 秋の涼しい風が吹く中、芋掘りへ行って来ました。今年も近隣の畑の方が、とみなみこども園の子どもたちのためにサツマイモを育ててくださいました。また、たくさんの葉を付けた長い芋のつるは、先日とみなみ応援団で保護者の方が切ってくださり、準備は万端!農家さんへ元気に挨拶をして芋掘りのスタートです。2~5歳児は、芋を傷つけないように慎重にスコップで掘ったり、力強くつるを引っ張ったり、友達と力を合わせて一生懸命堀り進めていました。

----------

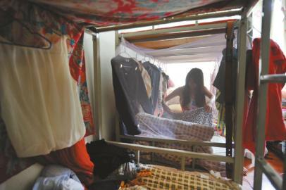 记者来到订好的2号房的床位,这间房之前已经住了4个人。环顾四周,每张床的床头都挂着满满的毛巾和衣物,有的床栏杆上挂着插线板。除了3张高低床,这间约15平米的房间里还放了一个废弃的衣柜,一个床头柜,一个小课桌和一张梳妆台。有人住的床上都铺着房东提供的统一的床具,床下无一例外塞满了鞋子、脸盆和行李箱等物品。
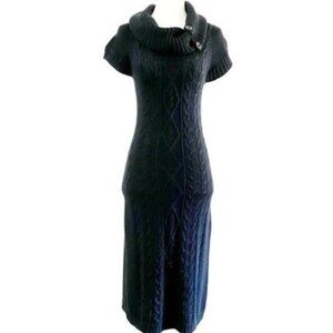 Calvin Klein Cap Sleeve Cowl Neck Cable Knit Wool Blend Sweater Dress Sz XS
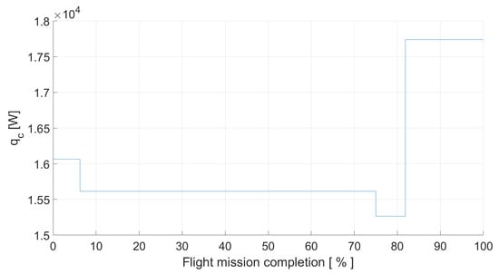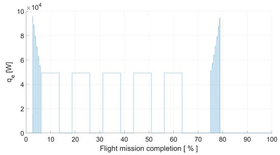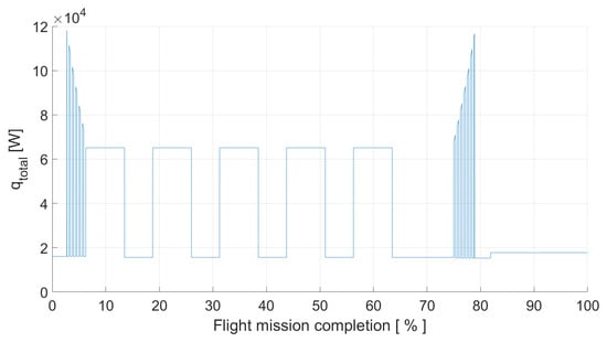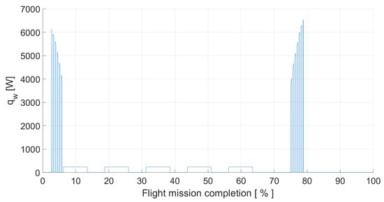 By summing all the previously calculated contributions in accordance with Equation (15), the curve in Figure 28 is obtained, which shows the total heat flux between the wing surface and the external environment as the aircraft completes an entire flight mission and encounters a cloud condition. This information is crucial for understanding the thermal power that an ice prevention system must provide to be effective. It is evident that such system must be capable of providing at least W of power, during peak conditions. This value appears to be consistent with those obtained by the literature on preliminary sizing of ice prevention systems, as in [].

----------

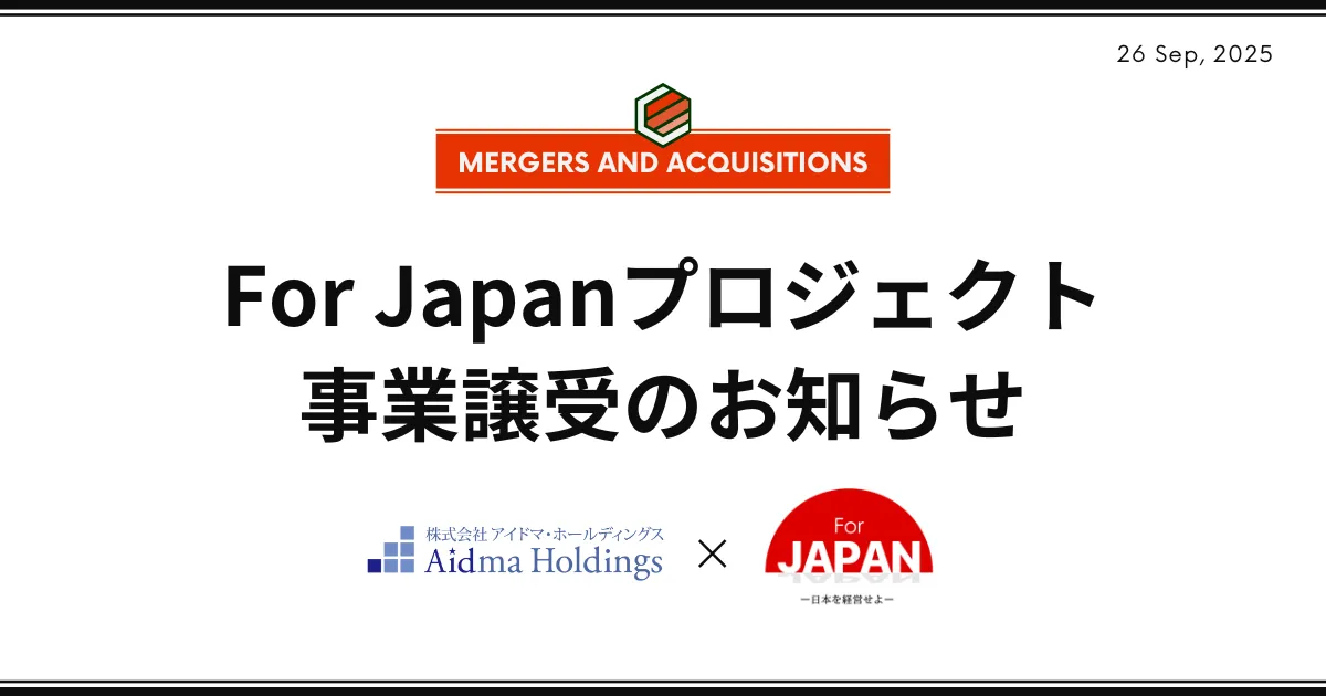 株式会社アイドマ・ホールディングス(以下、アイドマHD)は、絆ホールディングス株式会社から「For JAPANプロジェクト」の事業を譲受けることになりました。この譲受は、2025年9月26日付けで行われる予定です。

----------

◆ AIM OF THE EXERCISE
Look above for the line containing "Calvin Klein Cap" and the line containing "By summing all", then reproduce both and everything between them exactly, pictures omitted.

◆ RESULT FOR THIS EXERCISE
 Calvin Klein Cap Sleeve Cowl Neck Cable Knit Wool Blend Sweater Dress Sz XS
 By summing all the previously calculated contributions in accordance with Equation (15), the curve in Figure 28 is obtained, which shows the total heat flux between the wing surface and the external environment as the aircraft completes an entire flight mission and encounters a cloud condition. This information is crucial for understanding the thermal power that an ice prevention system must provide to be effective. It is evident that such system must be capable of providing at least W of power, during peak conditions. This value appears to be consistent with those obtained by the literature on preliminary sizing of ice prevention systems, as in [].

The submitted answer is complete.